The art of making Orthodox icons follow certain symbolism that carries a meaningful message. Some of these characteristics are: First, large and wide eyes symbolize the spiritual eye that look beyond the material world, the Bible says “the light of the body is the eye: if therefore thine eye be simple, thy whole body shall be full of light” [Matthew 6:22]. Second, large ears listen to the word of God; “if any man have ears to hear, let them hear” [Mark 4:23]. Third, gentle lips to glorify and praise the Lord “My mouth shall praise thee with joyful lips” [Psalm 63:5]. The eyes and ears on a figure in an icon are disproportionately large, because a spiritual person spends more time listening to God’s word and seeking to do God’s will. On the other hand, the mouth, which can also be often, be the source of empty or harmful words is small. The nose, which is seen a sensual is also small. Also, when an evil character is portrayed on an icon, it is always in profile because it is not desirable to make eye contact with such a person and thus to dwell or meditate upon it. Figures in icons often have large heads, meaning that these are individuals devoted to contemplation and prayer.

Icon artists deeply understood the meaning and benefit of icons on the spiritual life of the believers. It is interesting to note that the majority of the icons’ artists did not sign their names. They were not looking or self-glorification and fame, even the few who signed their names did so in the form of a prayer; such as “Remember O Lord your servant (name)”.

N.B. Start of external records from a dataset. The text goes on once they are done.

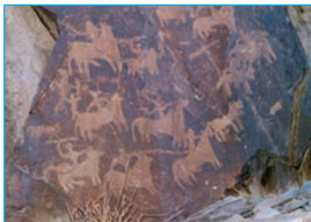
شکل ۱۵-۱۲- سنگ نگاره‌ها

۲- قلعه کنت : این قلعه در شهرستان سیب و سوران در دهستان کنت بخش هیدوچ واقع شده است.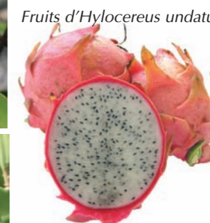
Fruits d' Hylocereus undatus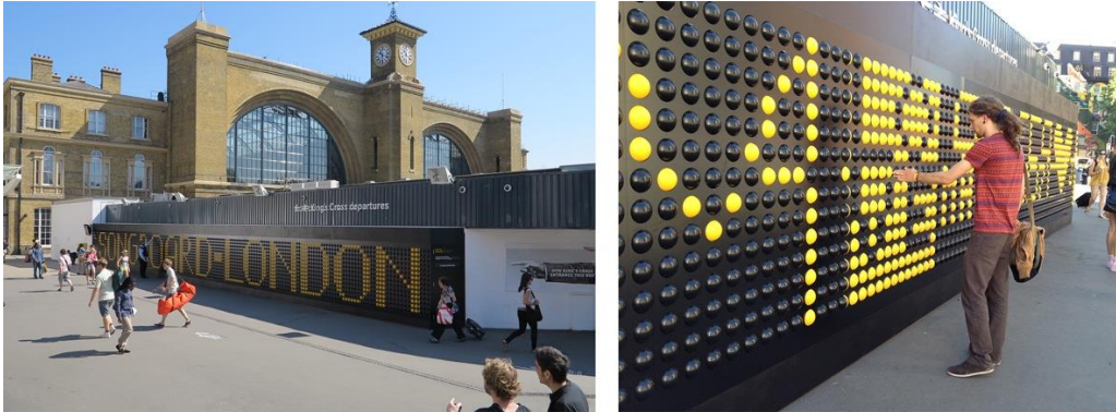
Görsel 8: “Song Board” adı verilen bir çoklu-duyumsal etkileşimli enstalasyon.

Kamusal alanda insanlarla bir etkileşim de sağlayan, onların tipografik ve imgeler oluşturmalarına olanak tanıyan bir örnek 2012 yılında, Londra’da King’s Cross istasyonunun girişinde, 2x35 metre ölçülerindeki, “Song Board” adı verilen bir çoklu-duyumsal etkileşimli enstalasyondur. Bu düzenek tek başına üç boyutlu bir tipografik bir yapı olmasa da üç boyutlu malzemeler ile deneysel tipografik öğeler yaratmaya olanak tanıdığı için etkileşimli bir enstalasyon örneği olarak çalışmada yer almıştır. 2940 adet daireden oluşan duvar ile duvarın yanından geçen insanlarla eğlenceli bir iletişime geçmesi sağlanmıştır (Görsel 8). Bu etkileşimli platformda ziyaretçiler, benzersiz melodilerini oluşturmak için mevcut küreleri ve uygulanabilir melodiler geliştirdiği bilinen sesleri döndürebilirler (publicdelivery.org).

Some icons portray Saints who suffered and were tortured for their faith with peaceful and smiling faces, showing that their inner peace was not disturbed, even by the hardships they endured, and suffered willing fully and joyfully for the Lord. Although the artistic style of iconography varies a little from one culture to another, all Orthodox icons have the same meaning, usage and symbolism (this includes the Eastern Orthodox Churches; Greek, Russian, Serbian, Bulgarian, ... etc, as well a the Oriental Orthodox Churches; Armenian, Syrian, Ethiopian, ... etc).